Dallas Stars

Five minutes for spearing.

Let's face it: heavy metal is the cockroach of rock 'n' roll — the one musical species that survives any and all cultural trends and manages to prosper even as oblivious commentators proclaim that rock is dead, dead, dead.

Of late, we've seen the ever-resilient heavy-metal genre evolve in some unexpected ways, particularly so-called sports-metal (a term suggested by Marilyn Manson) played by boys such as Limp Bizkit and Korn who, while they may be deemed terminally unhip in some quarters, have actually managed to create an interesting crossover zone for young white and black listeners. Yet, however much a title such as Reinventing the Steel might suggest the contrary, the latest offering from maniacal Texas metal vets Pantera makes no concession to current trends in their chosen genre. Instead, the band retools its version of straight-up metal by going back for inspiration to the source, the mother of all metal bands: Black Sabbath.

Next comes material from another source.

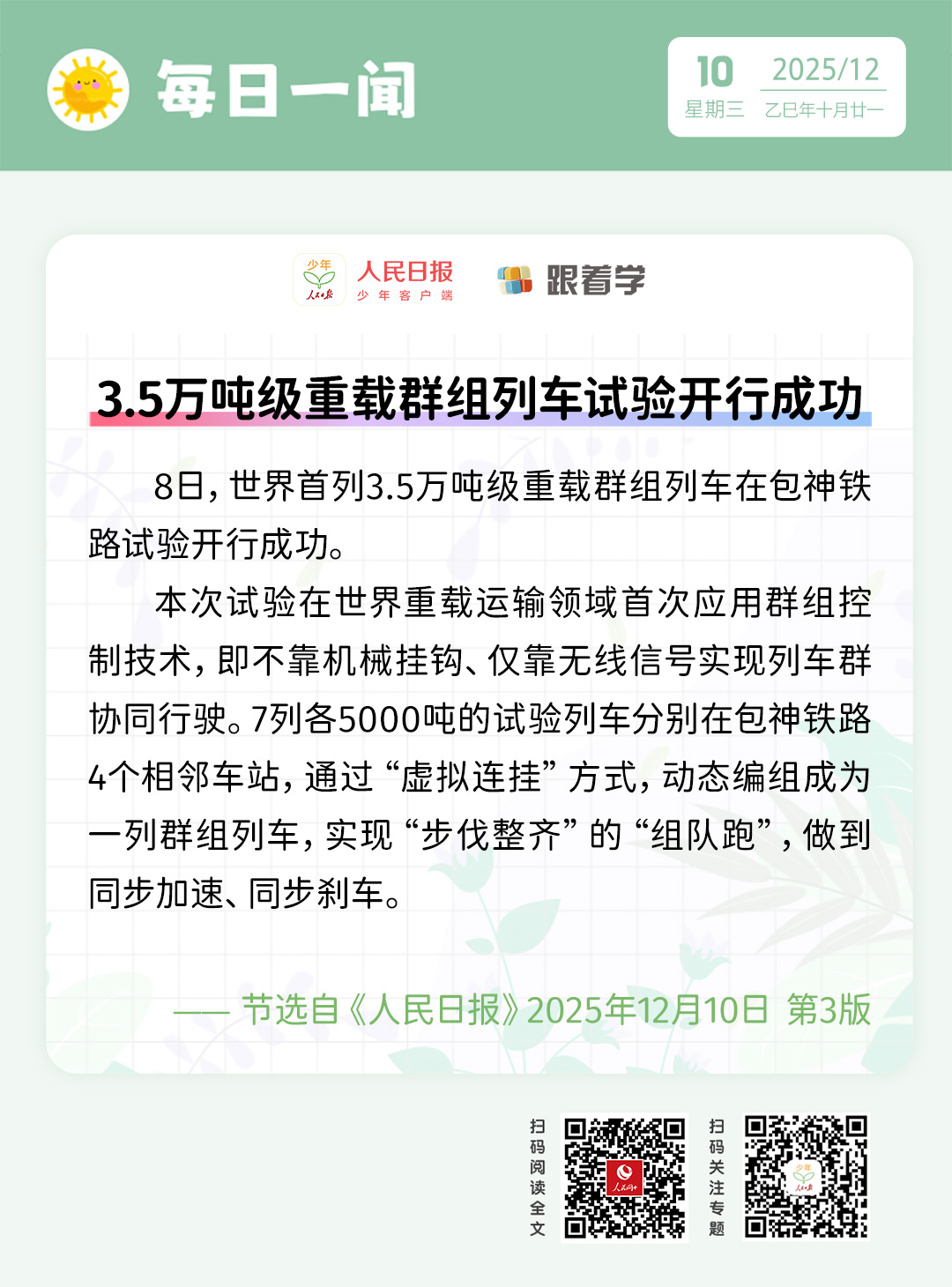每日一聞丨3.5萬噸級重載群組列車試驗開行成功

Aside from being a blistering disc in its own right — and with nary a hip-hop beat or funk riff to be found, I might add — this album provides still more proof of the continuing durability of the musical template Black Sabbath developed way back at the dawn of the 1970s: stop-start rhythms, turn-on-a-dime tempo changes — and, of course, the mammoth, gothic blooze riffing and sizzlingly succinct lead work of guitarist Tony Iommi, whose legacy only increases in stature as the years go by. Appropriately, then, the disc really belongs to Pantera guitarist "Dimebag" Darrell Abbott, who emulates the Iommi style to perfection on tracks such as "Goddamn Electric" (RealAudio excerpt) — which, by the way, finds tattooed vocalist Phil "White Trash and Proud of It" Anselmo offering this expert commentary on 21st-century lifestyle options: "Your trust is in whiskey and weed and Black Sabbath — it's goddamn electric!" Touché, dude!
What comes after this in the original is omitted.